◆ **YOUR OBJECTIVE**
Retype each line below precisely and omit all images.

◆ **RECORDED DATA**
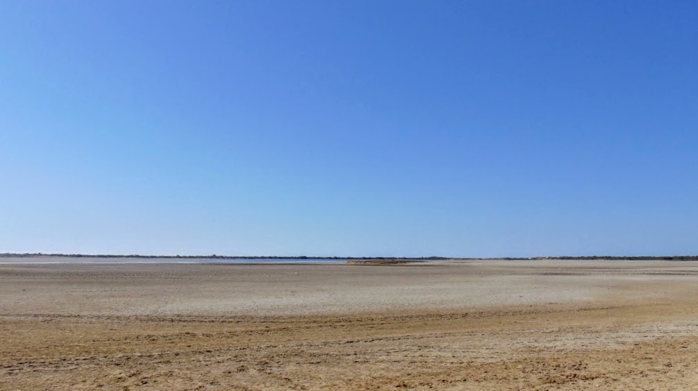 Flat land leading to the sea shore. Clicked from the car on road to Narayan Sarovar.
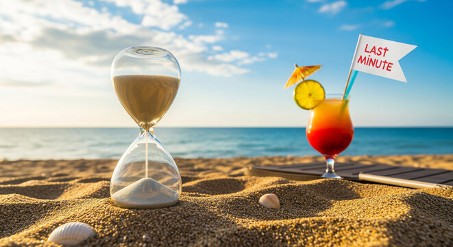 Hourglass on sand on beach with sea, cocktail nearby in background with inscription "Last minute", sale of summer vacation offers, vacation travel, tourism, travel agency, background concept
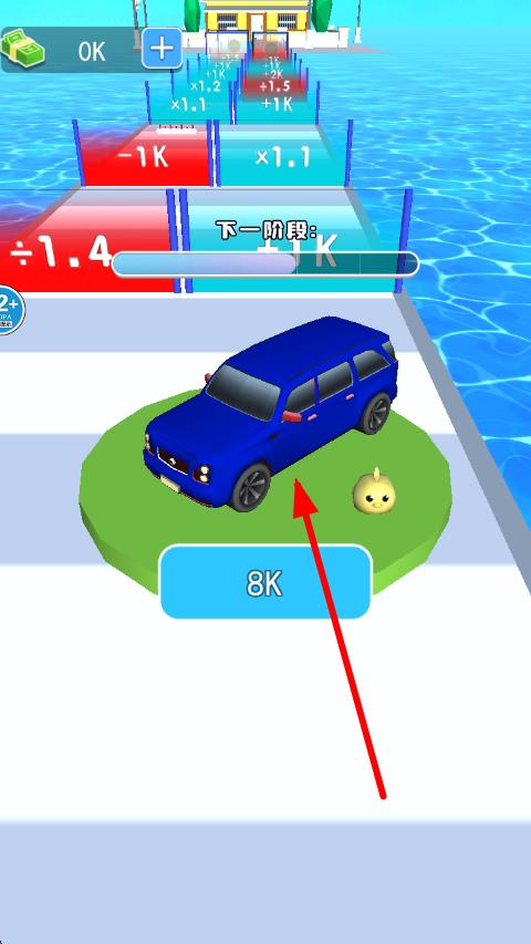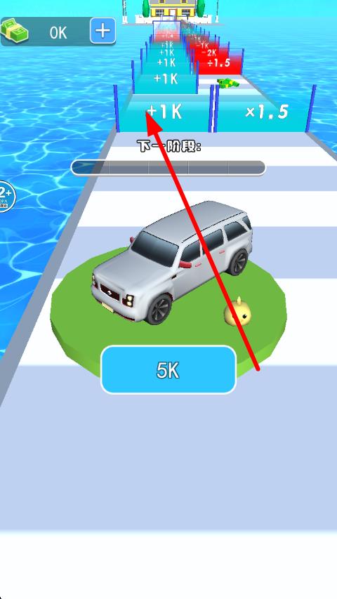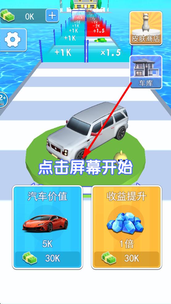 1、點擊醒目的“點擊屏幕開始”按鈕,選定初始汽車型號,仔細觀察賽道上的+1K、×1.5等增益標識分布,通過滑動屏幕靈活控制汽車左右精準移動。

◆ **YOUR SOLUTION**
 Flat land leading to the sea shore. Clicked from the car on road to Narayan Sarovar.
 Hourglass on sand on beach with sea, cocktail nearby in background with inscription "Last minute", sale of summer vacation offers, vacation travel, tourism, travel agency, background concept
 1、點擊醒目的“點擊屏幕開始”按鈕,選定初始汽車型號,仔細觀察賽道上的+1K、×1.5等增益標識分布,通過滑動屏幕靈活控制汽車左右精準移動。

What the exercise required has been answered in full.